Bupati Lombok Barat, H. Fauzan Khalid, mengatakan untuk menerapkan jam malam, sampai saat ini gugus tugas belum rapat lagi.”Belum ada rapat lagi dengan gugus tugas,” katanya saat dikonfirmasi kemarin (24/1).

Tetapi melihat tren perkembangan Covid-19 yang semakin hari semakin naik, Pemkab Lobar bersama gugus tugas tidak menutup kemungkinan untuk memberlakukan lagi jam malam.”Kemungkinan pemberlakuan jam malam besar, apalagi melihat kebijakan gugus tugas pusat dan provinsi, karena tren kasus meningkat,” ungkapnya.

Meski Pemkab Lobar tidak memberlakukan jam malam secara resmi, namun sebenarnya jam malam sudah diberlakukan. Bahkan penerapan protokol kesehatan diberlakukan sangat ketat. Sementara itu pengusaha yang ada di kawasan pariwisata Senggigi Lobar sangat berharap Pemkab Lobar tidak memberlakukan jam malam. Jika jam malam ini diberlakukan, maka jelas akan sangat memperburuk situasi kawasan Senggigi sebagai tempat pariwisata yang dampaknya akan sangat merugikan para pengusaha.

Ketua Asosiasi Pengusaha Hiburan (APH) Senggigi, Hermanto,  mengatakan, jika di kawasan Senggigi diberlakukan, ini sangat bertolak belakang dengan program Pemkab Lobar #ayokembalike senggigi. Karena saat ini pengusaha sedang gencar promosi agar wisatawan datang kembali ke Senggigi.”Tujuannya agar Senggigi survive, makanya kita gencar promosi, kalau mau diberlakukan jam malam, kita mau diapakan, bagaimana dengan jargon Ayo Kembali ke Senggigi? “ tanyanya.

Para pengusaha, kata Herman, sudah melakukan rapat untuk menyikapi atau mengambil langkah antisipasi agar Pemkab Lobar tidak memberlakukan jam malam. Dari rapat dengan para anggota, APH akan bersurat ke DPRD Lobar meminta untuk mendapatkan bantuan agar Bupati Lombok Barat memberikan perhatian kepada para pengusaha yang ada di Senggigi. “Hasil rapat kita akan segera bersurat ke DPRD agar mendapatkan perhatian dari bupati,” ungkapnya.

Kalau sampai jam malam diberlakukan, seakan-akan memaksa tempat  hiburan untuk membuka lebih awal tempat usaha mereka, karena batasnya hanya sampai jam 22.00 Wita, atau pukul 10.00 malam. Kalau ini terjadi, tentunya para pengusaha harus atur strategi.

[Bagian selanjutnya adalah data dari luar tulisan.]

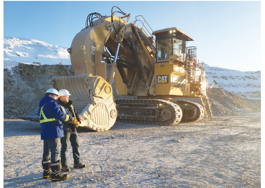
Tour to oversee operations in the Eagle Gold Mine pit.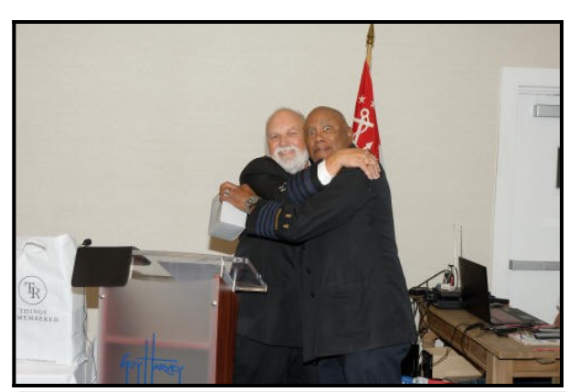
D/23 Spring Conference in St. Augustine. Good times at Change of Watch farewells.

My participation in subsequent courses enabled me to advance and hone my skills in piloting; membership and participation in the USPS also afforded contact in an association with men and women of like mind. The next five years I was changing boats as my knowledge and experience dictated. The final 42 foot twin diesel satisfied and challenged my boating skills. Again I am thankful for the camaraderie and fellowship from the men and women who make up the USPS.

Karena biasanya mereka bekerja malam hari, berubah menjadi sore.”Bagaimana kita bisa, kita kan tidak bisa saat jam sholat suara musik sudah terdengar, kita biasanya mulai habis sholat isya, sampai dengan batas waktu yang sudah ditentukan,” jelasnya.

Ia berharap sekali Pemkab Lobar memberikan kebijakan yang tepat, agar tidak sampai mematikan usaha para pelaku usaha die kawasan Senggigi. Terpisah, Kepala Dinas Pariwisata Lobar, H. Saiful Ahkam, menjelaskan, terkait dengan pemberlakuan jam malam, sampai saat Pemkab Lobar belum ada wacana, dan belum ada arahan dari bupati.” Sampai saat ini belum ada arahan dari pimpinan terkait jam malam di Lobar,” ungkapnya.

Dengan begitu aktivitas di kawasan Senggigi pada malam hari tetap berjalan seperti biasa, dengan tetap menerapkan protokol kesehatan semua tempat, baik hotel, restoran dan tempat hiburan.” Untuk penerapan protokol kesehatan, kami masih  melakukan supervisi agar kebiasaan baru tetap berjalan. Kalau soal jam malam, itu kebijakan kepolisian, saya belum konfirmasi jika menjadi kebijakan Satgas Covid-19 di Lobar,” tegasnya.

Ditegaskan Ahkam, sampai saat ini belum ada arahan dari bupati. Namun kalau ada ada rencana pemberlakuan jam malam, menurutnya harus ada pertimbangan yang matang. Karena kawasan Senggigi merupakan objek vital yang harus dilakukan kajian dari berbagai aspek jika diberlakukan jam malam.”Saya kira pariwisata dan Senggigi adalah objek vital yang harus dikaji dari berbagai aspek, jika akan berlakukan jam malam,” ungkapnya.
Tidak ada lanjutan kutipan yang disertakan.